Exercise: Restate word for word the lines of the listing below, from its first line through the line with "Aangepaste houten puzzelstukken", without the pictures.

Provided information:
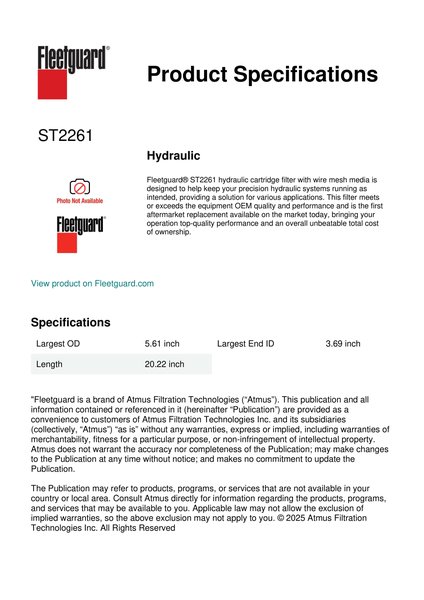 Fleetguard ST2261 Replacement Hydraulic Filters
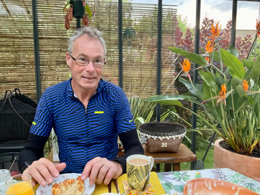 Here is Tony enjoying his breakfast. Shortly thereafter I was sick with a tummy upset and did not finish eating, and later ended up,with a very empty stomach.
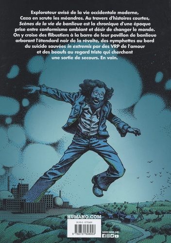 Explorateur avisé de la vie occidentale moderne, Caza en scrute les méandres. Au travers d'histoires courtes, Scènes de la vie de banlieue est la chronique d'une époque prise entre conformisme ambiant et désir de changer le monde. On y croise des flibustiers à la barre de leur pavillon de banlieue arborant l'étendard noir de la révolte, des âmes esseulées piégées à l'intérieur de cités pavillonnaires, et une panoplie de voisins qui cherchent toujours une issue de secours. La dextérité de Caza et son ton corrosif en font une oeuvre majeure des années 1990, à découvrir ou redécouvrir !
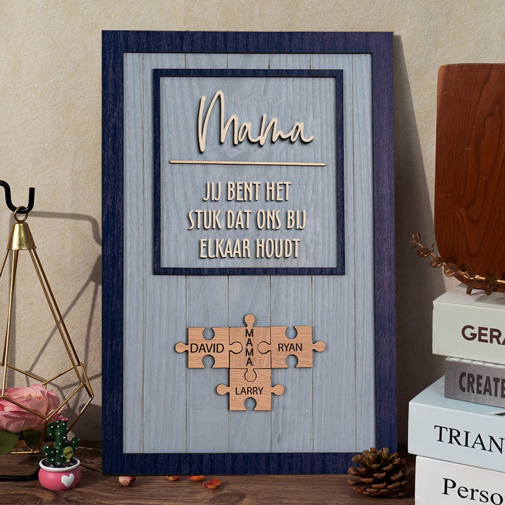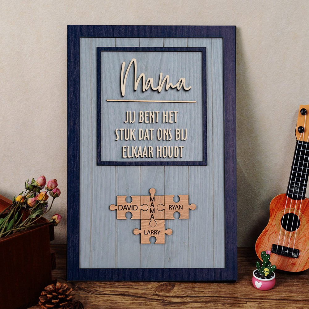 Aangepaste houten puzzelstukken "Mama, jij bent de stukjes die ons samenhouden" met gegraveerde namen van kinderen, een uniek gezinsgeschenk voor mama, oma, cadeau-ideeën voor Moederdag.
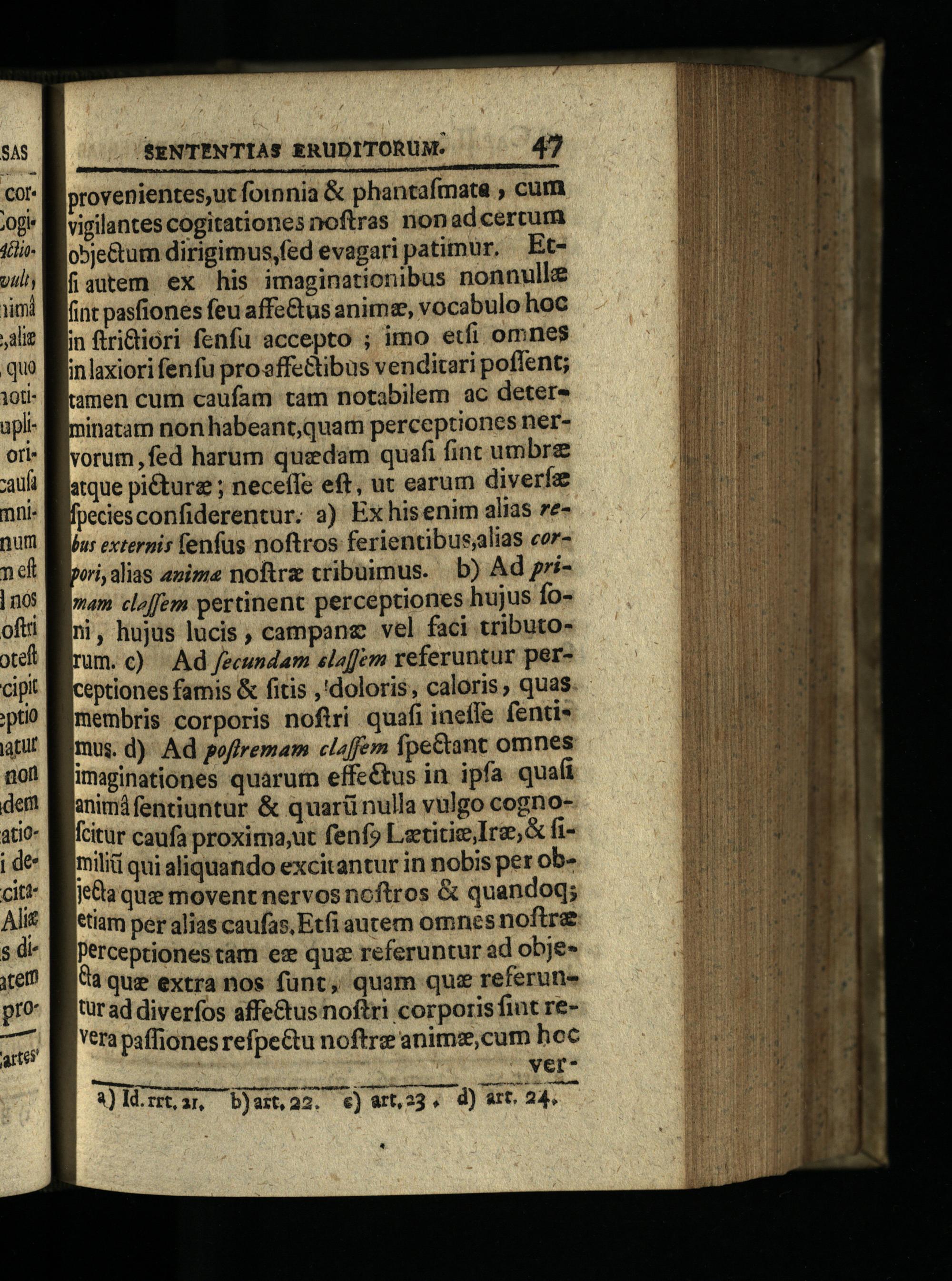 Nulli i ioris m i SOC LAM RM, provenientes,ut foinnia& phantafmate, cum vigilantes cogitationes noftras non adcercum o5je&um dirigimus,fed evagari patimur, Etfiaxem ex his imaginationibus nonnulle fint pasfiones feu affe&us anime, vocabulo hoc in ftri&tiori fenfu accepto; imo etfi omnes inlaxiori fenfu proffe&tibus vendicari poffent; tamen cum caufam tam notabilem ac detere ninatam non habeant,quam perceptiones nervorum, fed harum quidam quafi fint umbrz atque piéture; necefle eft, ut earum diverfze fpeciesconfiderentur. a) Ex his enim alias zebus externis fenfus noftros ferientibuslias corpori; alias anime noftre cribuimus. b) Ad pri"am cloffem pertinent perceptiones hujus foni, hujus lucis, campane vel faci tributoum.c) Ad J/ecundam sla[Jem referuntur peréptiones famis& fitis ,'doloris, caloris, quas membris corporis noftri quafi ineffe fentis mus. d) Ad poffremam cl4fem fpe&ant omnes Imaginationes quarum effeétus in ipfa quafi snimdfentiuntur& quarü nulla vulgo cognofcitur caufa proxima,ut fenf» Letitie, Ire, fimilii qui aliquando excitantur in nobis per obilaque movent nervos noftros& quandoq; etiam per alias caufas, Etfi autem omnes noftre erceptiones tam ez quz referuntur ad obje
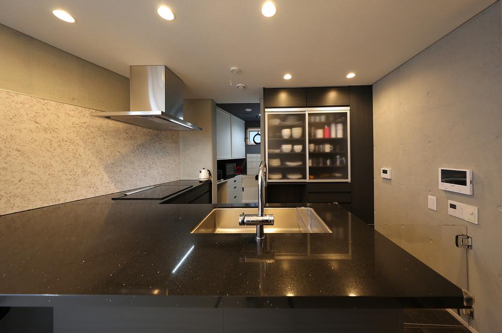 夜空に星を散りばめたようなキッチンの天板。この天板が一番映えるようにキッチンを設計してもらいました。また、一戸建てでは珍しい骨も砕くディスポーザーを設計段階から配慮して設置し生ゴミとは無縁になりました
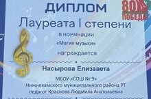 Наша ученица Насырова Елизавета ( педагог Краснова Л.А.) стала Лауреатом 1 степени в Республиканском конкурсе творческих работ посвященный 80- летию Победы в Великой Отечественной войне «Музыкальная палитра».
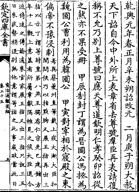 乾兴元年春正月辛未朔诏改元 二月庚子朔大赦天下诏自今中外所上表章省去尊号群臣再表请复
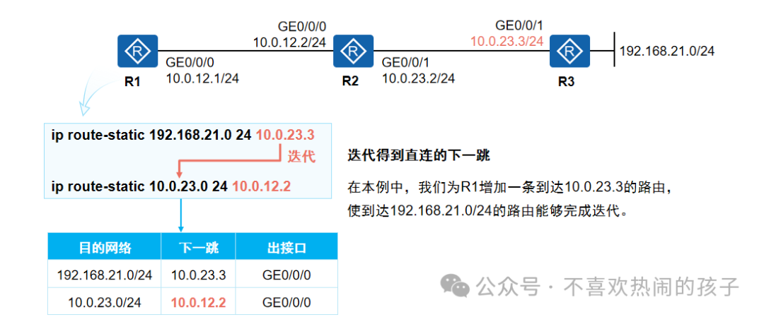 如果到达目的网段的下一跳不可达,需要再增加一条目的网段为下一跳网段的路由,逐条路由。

Reply:
 Fleetguard ST2261 Replacement Hydraulic Filters
 Here is Tony enjoying his breakfast. Shortly thereafter I was sick with a tummy upset and did not finish eating, and later ended up,with a very empty stomach.
 Explorateur avisé de la vie occidentale moderne, Caza en scrute les méandres. Au travers d'histoires courtes, Scènes de la vie de banlieue est la chronique d'une époque prise entre conformisme ambiant et désir de changer le monde. On y croise des flibustiers à la barre de leur pavillon de banlieue arborant l'étendard noir de la révolte, des âmes esseulées piégées à l'intérieur de cités pavillonnaires, et une panoplie de voisins qui cherchent toujours une issue de secours. La dextérité de Caza et son ton corrosif en font une oeuvre majeure des années 1990, à découvrir ou redécouvrir !
 Aangepaste houten puzzelstukken "Mama, jij bent de stukjes die ons samenhouden" met gegraveerde namen van kinderen, een uniek gezinsgeschenk voor mama, oma, cadeau-ideeën voor Moederdag.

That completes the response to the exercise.